Летом 1915 г. в Куоккале появились новые «зимогоры» – беженцы-поляки. И от них я получил первый урок уважения к другим нациям. Мы, мальчики, дразнили поляков словами «цото бендзе» («что-то будет!»), которые они часто произносили в своих тревожных разговорах. И вот однажды изящная полька обернулась к нам с улыбкой и ласково сказала: «Да, мальчики! Цото бендзе – и для вас и для нас в этой войне». Нам стало стыдно. Мы не обсуждали между собой этот случай, но дразнить перестали.
И еще одно сильное впечатление в Куоккале. В пасхальную неделю, как и во всех русских православных церквах, разрешалось звонить всем и в любое время. Отец и мы, два брата, однажды (приезжали на дачи рано весной) ходили на колокольню звонить. До какой же степени было восхитительно слушать звон под самыми колоколами!
Был в Куоккале один случай, который «прославил» нас с братом среди всех дачников. Ветер дул с берега (самый опасный). Мой старший брат Миша снял синюю штору у нас в детской, водрузил ее на нашей лодке и предложил прокатиться под «парусом» вполне домашнему мальчику – внуку сенатора Давыдова. Домашний мальчик Сережа (он впоследствии, после Второй мировой войны, работал архитектором-реставратором в Новгороде) пошел к своей бабушке и спросил у нее разрешения прокатиться. Бабушка была франтиха с фиолетовыми глазами, сидела в шелковом платье стального цвета под зонтиком от солнца. Она спросила Мишу только – не промочит ли Сережа ноги: в лодке ведь всегда есть на дне вода. Велела Сереже надеть галоши. Сережа надел новые блестящие галоши и сел в лодку. Все это происходило на моих глазах. Поехали. Северный ветер тихий, как всегда у берега, усилился вдали. Лодку погнало. Я наблюдал с берега и увидел: синий парус медленно наклонился и исчез. Бабушка, как была в корсете и с зонтиком, пошла по воде, простирая руки к любимому Сереже. Дойдя до глубокой воды, бабушка с фиолетовыми глазами упала без чувств, могла захлебнуться и утонуть. А на берегу за загородкой из простыни загорал проректор Петербургского университета – красавец Прозоровский. Он наблюдал за бабушкой и, когда та упала, бросился ее спасать. И, о ужас! – в одних трусах – тогда это считалось неприличным. Он поднял бабушку с фиолетовыми глазами и понес ее к берегу. А я изо всех сил побежал домой. Подбежав к нашей даче, я замедлил шаг и постарался быть спокойным. Мать спросила, очевидно догадавшись все же, что что-то случилось: «На море все спокойно?» Я немедленно ответил: «На море все спокойно, но Миша тонет».
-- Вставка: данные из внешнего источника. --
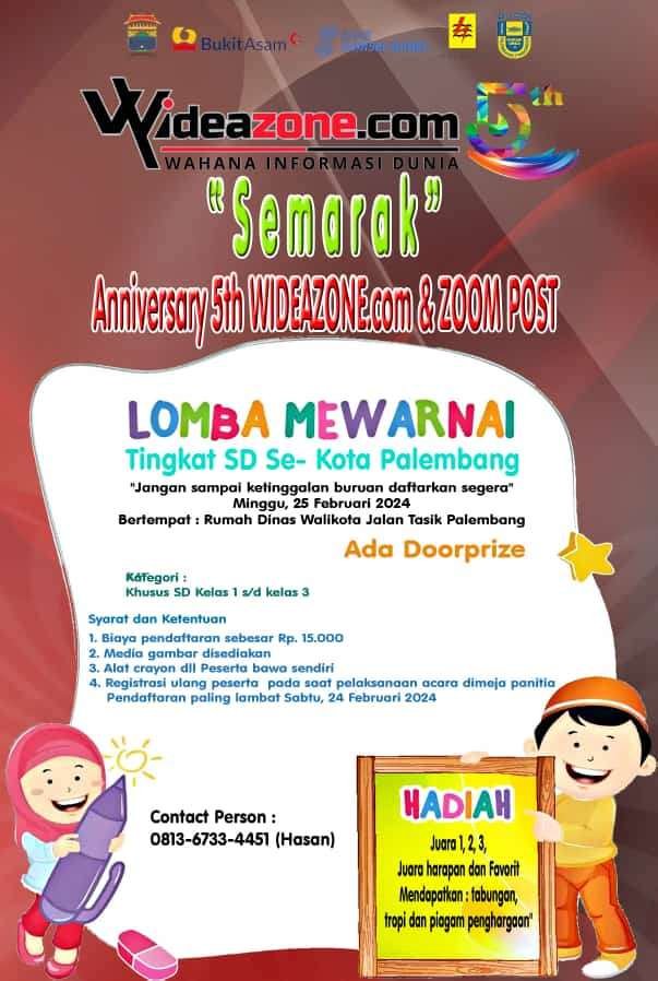 HALOPOS.ID|PALEMBANG – Semarak rangkaian Anniversary 5 tahun WIDEAZONE.com & ZOOM POST [WIZO] menggelar Lomba Mewarnai Tingkat SD se-Kota Palembang dengan mengusung tema ‘Mewarnai Kota Palembang’ yang akan diselenggarakan pada Minggu 25 Februari 2024 mendatang.

Эти мои слова запомнились и вспоминались потом в нашей семье сотни раз. Они стали нашей семейной поговоркой, когда внезапно случалось что-либо неприятное.
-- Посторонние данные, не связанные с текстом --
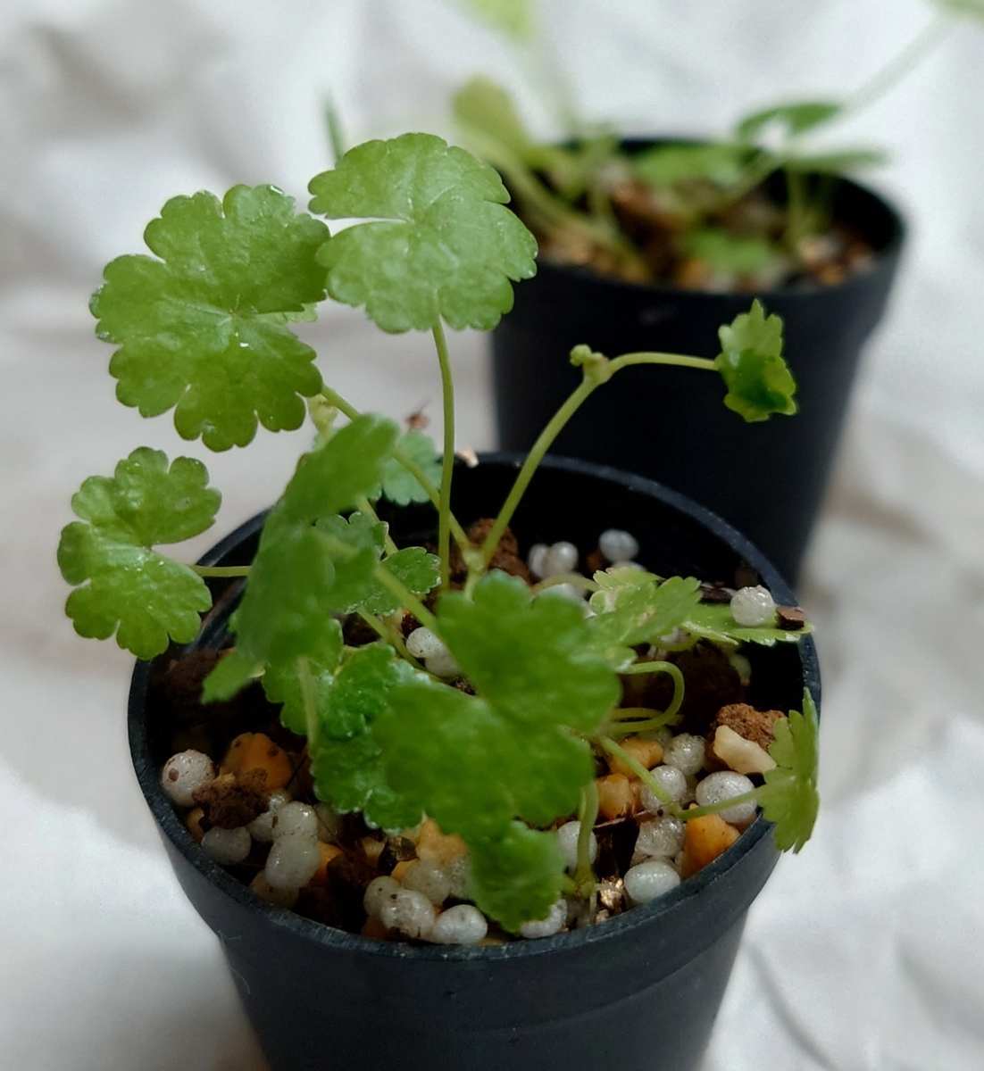 チドメグサ 鹿児島産から小型種を選抜した苗です。両生類親爬虫類のビバリウムや、コケリウムなどテラリウムの中で10ミリ弱の丸い葉が小さな藪を作り出します。

А в море в это время происходило следующее. Домашний мальчик Сережа, конечно, не умел плавать. Брат стал его спасать и велел сбросить галоши. Но Сережа не хотел – то ли чтобы не ослушаться бабушки, то ли потому, что было жаль блестящих галош с медными буковками «С. Д.» («Сережа Давыдов»). Брат пригрозил: «Сбрасывай, дурак, или я сам тебя брошу». Угроза подействовала, а от берега уже гребли лодки.
Вечером приехал отец. Брата повели на второй этаж пороть, а затем отец, не изменяя своим привычкам, повел нас гулять вдоль моря. Как полагалось, мы с братом шли впереди родителей. Встречные говорили, указывая на моего брата: «Спаситель, спаситель!», а «спаситель» шел мрачный, с зареванной физиономией.
Хвалили и меня за «мудрую» выдержку. А однажды в особенно сильную бурю кто-то из встречных сказал мне: «На море все спокойно, но четыре будки подмыло и опрокинуло». Я немедленно побежал на море смотреть. Бури я люблю и до сих пор, не люблю обманчивого берегового ветра.
Лето длилось бесконечно долго. И в город я возвращался каждый раз повзрослевшим.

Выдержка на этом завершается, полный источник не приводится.